One limitation of this approach is Arithmetic Overflow. That is, the total variable has type Long, implying it has a maximum value of 2⁶³-1 (or 9,223,372,036,854,775,807). That’s a pretty large number, but it’s still possible to overflow that data type and have it wrap around to zero. If that was to happen, we’d get a totally incorrect result.
In reality though, this is unlikely to happen with the Long data types (it would definitely be a problem with Int). Given that we’ll likely be dealing with recent dates (that is, near to the year 2018), most of the numbers we add to will be around 17,000 (days since 1970). We’d therefore need to find the average of 500 trillion date values before overflow would happen. It’s probably not worth worrying about this case.

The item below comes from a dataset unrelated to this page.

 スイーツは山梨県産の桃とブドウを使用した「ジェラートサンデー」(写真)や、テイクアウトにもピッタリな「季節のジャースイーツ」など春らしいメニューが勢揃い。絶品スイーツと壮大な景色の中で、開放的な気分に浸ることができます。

In fact, looking at Spark’s avg
function, it uses either Double
data type which can reach 10³⁰⁸, or the BigDecimal
data type, which can be arbitrarily large (depending on your RAM). Clearly this is not a problem for most Spark users.

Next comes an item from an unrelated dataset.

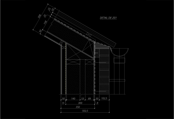 Architectural technical drawing with detailed measurements of a roof structure, labeled Detail DE-201.

If we wanted to be really paranoid, there are ways to avoid overflow by either dividing the data set into equal-sized data sets, and then averaging the averages. Or perhaps use an approach of iteratively refining the average. We’ll leave those solutions for another day.
Performance
Finally, let’s get a rough indication of the performance of these different approaches. It’s interesting to measure performance, since User Defined Functions are reportedly slower than using native Spark functions which are handled better by Spark’s Catalyst Optimizer. Although our avgdate
function is easier to use in queries, it might just be slower.
In our tests, we used Amazon EMR-5.13.0 (with Spark 2.3.0) with one master and two core nodes of type m4.2xlarge (8 CPU and 32GB of RAM). The input data set was 10M rows of randomly-generated data in CSV format, with each row having 100 columns. The test case involved computing the average date for a particular date-typed column.
For each test case, the result was computed six times, with the data from the first test run being discarded (to ignore the impact of cold caches). The reported result is the average duration (in milliseconds) of the remaining five test runs.
- Base Case (675ms — StdDev 41ms) — The standard Spark min function was used as an indication of how fast native Spark functions could read data, therefore defining a base case scenario to compare against.
- Approach 1 (947ms — StdDev 13ms) — This is our first approach of computing the
avg
ofdatediff
. - Approach 2 (1390ms — StdDev 34ms) —Our second approach, using the
avgdate
user defined aggregation function.
To eliminate the cost of reading the CSV file into memory (the source data resides in Amazon S3), the .cache()
directive was used to pin the data into RAM. Therefore, the duration measurements are purely the time required to scan the date column and perform the averaging operation.
As you can see, our second approach takes almost 50% longer to compute the average date, compared to the first approach. It also takes twice as long as our base case of computing the minimum date value. Although some amount of code optimization is likely possible, our user-defined aggregation function is clearly not the best approach, even though it makes the code more readable.
Conclusion
Apache Spark is an excellent general-purpose framework for performing data analytics. Even though it comes with a variety of built-in analytic functions, it’s sometimes necessary to implement your own functions. Spark SQL provides a convenient mechanism for defining both cell-based UDFs and column-based UDAFs, making Spark queries easier to construct. Initial tests indicate that user-defined functions are less performant than native Spark functions.